In a study published today in Nature Immunology, Caetano worked with researchers Jonathan Lim and Oliver Schulz to investigate whether dendritic cells detect dead cancer cells via a receptor called DNGR-1. DNGR-1 detects F-actin proteins, the cell ‘scaffold’ that is exposed when a cancer cell dies.
“We looked at mice with and without the DNGR-1 receptor that were exposed to carcinogens, finding that mice without this crucial receptor developed tumours significantly earlier and to a greater extent,” explains Jonathan, who also works as an oncologist at The Christie hospital. “This mirrors what we see in patients, where high levels of DNGR-1 are associated with better survival.”
Next, the team examined whether certain cancer mutations were more likely to be found in the tumours of mice without DNGR-1. They reported an increase in mutations in proteins that bind to the F-actin scaffold.

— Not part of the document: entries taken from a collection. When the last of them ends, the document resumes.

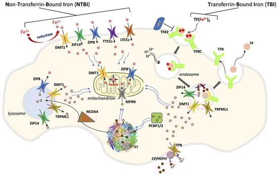 Several cell types, including neurons, hepatocytes and cardiomyocytes, can uptake iron in the form of the so-called non-transferrin-bound iron (NTBI), a potentially toxic form of the metal that results from pathological excessive entry of iron into plasma, for example in hereditary hemochromatosis and thalassemia major. Under these conditions, the saturation capacity of transferrin is exceeded and iron complexes with a number of low-molecular weight molecules, as well nonspecifically with other plasma proteins. Plasma NTBI is rapidly cleared by most cells through less selective but highly efficient iron transporters, including SLC39A14 (ZIP14 []), SLC39A8 (ZIP8 []), DMT1 [], L-type Ca2+ channels (LTTCs []) and T-type Ca2+ channels (TTCCs [,]). Comprehensive reviews on NTBI transporters can be found in the literature [,]. A large part of the ferrous NTBI is translocated into the mitochondria for the biogenesis of heme and Fe-S clusters. This is mainly allowed by mitoferrin (MFRN), a small transmembrane transporter (~300 residues) located on the inner mitochondrial membrane []. A role in mitochondrial iron trafficking has also been shown for ZIP8 [] and DMT1 [,,]. A general scheme of cellular iron traffic is depicted in Figure 1.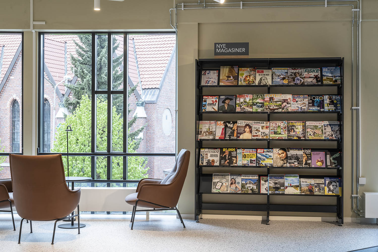 The adult department is located on the 1st floor, where you will also find a small stage for events and a room for Makerspace. The Halden local history archive also has its own area in the library.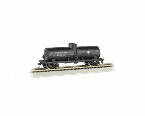 The Bachmann HO Scale US Army 40′ Single Dome Tank Car, a detailed model of the impressive train car, with die-cast features. The undercarriage, interior and exterior have all been made with attention to detail, with text printed down the side for scale authenticity. This train best performs on a 22″ radius curves or greater. Â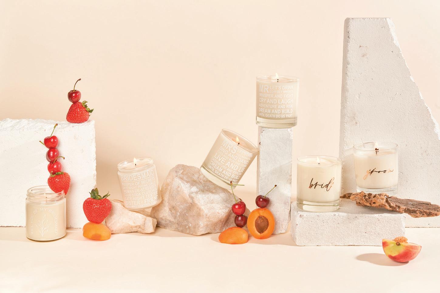 PHOTOS COURTESY OF: (CLOCKWISE FROM UPPER LEFT) TIBURON GOLF CLUB, PHOTO BY COMPLETE WEDDINGS + EVENTS. LAURA ELIZABETH PHOTOGR APHY. WAX BUFFALO CANDLES. GENTLEMAN’S CHOICE FORMALWEAR, PHOTO BY M. JULIE PHOTO. GARBO’S SALON AND SPA, PHOTO BY LAURA ELIZABETH PHOTOGRAPHY. RACHEL J. EVENTS, PHOTO BY YONI GILL PHOTOGRAPHY.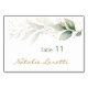 Elegant flat place card featuring an illustration of green and gold foliage in watercolor style. On the top of the card - gold effect confetti. You can change the table number to your requirements (2, 5...7...10...) - each time a new card, and add all these cards to your cart.
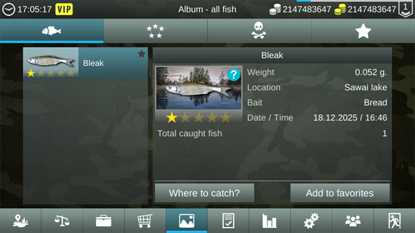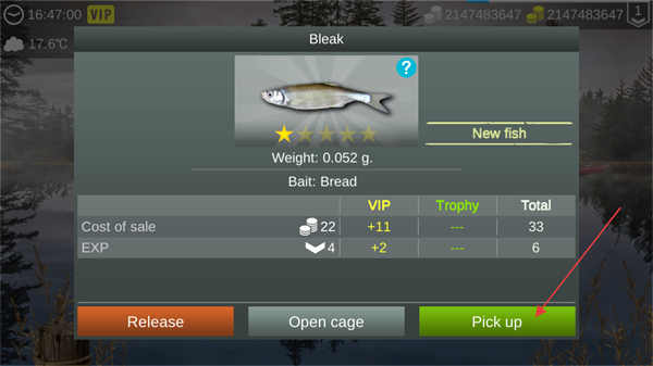 1、钓到Bleak后查看其重量及Bread饵料信息,点击Pickup即可获取该鱼、对应EXP与收益。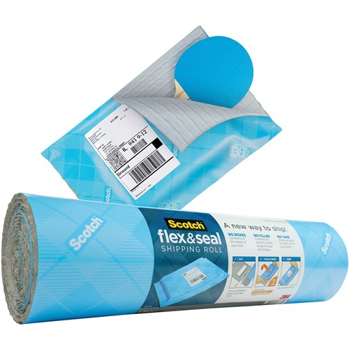 • The Scotch Flex & Seal Shipping Roll is a simpler shipping solution which gets you ship ready in only three-steps and saves you up to 50% on supplies, time and space than boxes.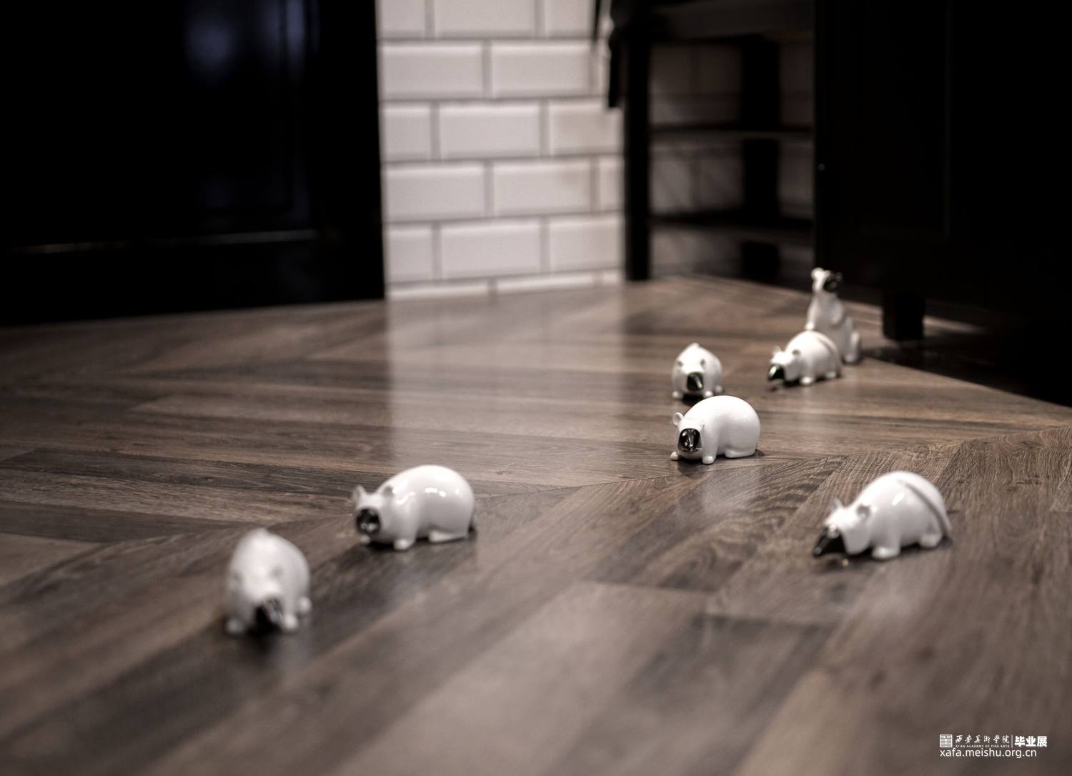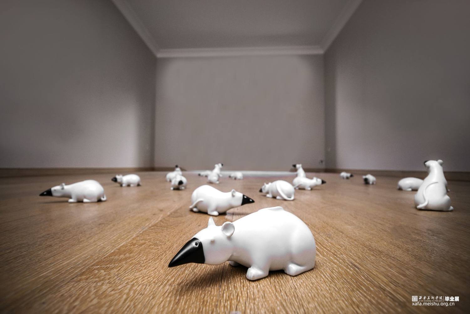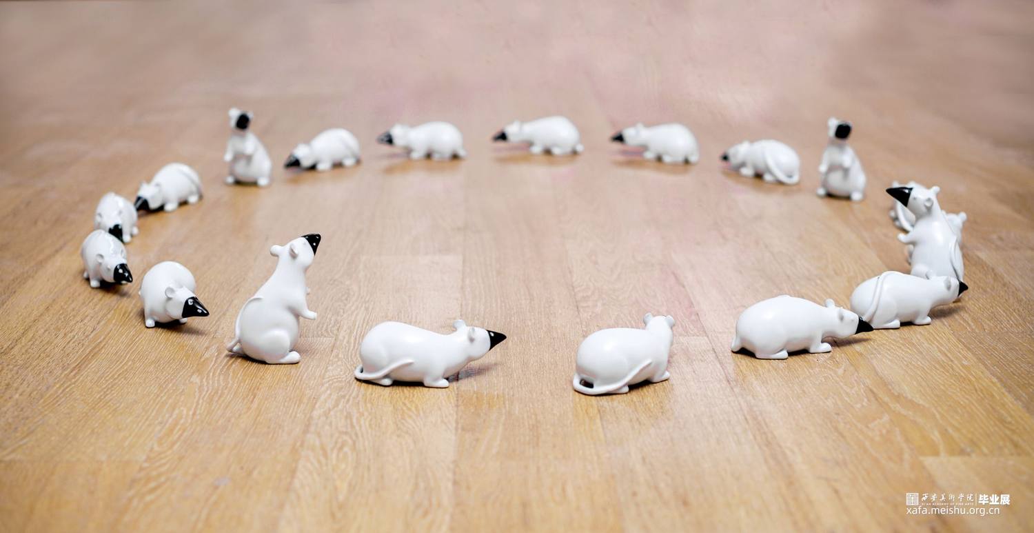 《○》的观念和展示的源头来源于我一开始的一个精灵在树林里到处漂浮的想法,后来因为这次疫情的发生,我就把元素融入了进来,表达的观念也更有深意。关于动物的形象考虑了很久,选用老鼠是因为它本身和鼠疫的关联,恰逢今年也是鼠年,和人类生活联系也很密切,具有代表性,虽然我的观念一部分和这次的疫情相关,但我并不想那么直白的表现表现出来。后面也有表现一些老鼠在人类的生活场所四处游荡的场景,附加表现人类和老鼠在生活中密切相关。

“We think that, in mice with DNGR-1, mutations in these proteins are highlighted as a red flag for the immune system,” explains Oliver. “Without DNGR-1, these mutations are less highlighted, so there’s less evolutionary pressure for cancer cells to get rid of them.”
Caetano believes that deploying this knowledge could help make therapies that give the immune system an upper hand. “Now we know that cancer cells are more visible to the immune system if they have mutations in proteins that bind to F-actin, we could work out how to coax the immune system to better detect these mutations,” he says.
Caetano’s team are now exploring whether equipping dendritic cells and other immune cells with better ways to detect F-actin allows the body to recognise cancer cells more easily.
He concludes, “By understanding how tumours are naturally detected by DNGR-1-expressing dendritic cells, we’re hoping to design therapies to boost the immune system’s capability to fight cancer.”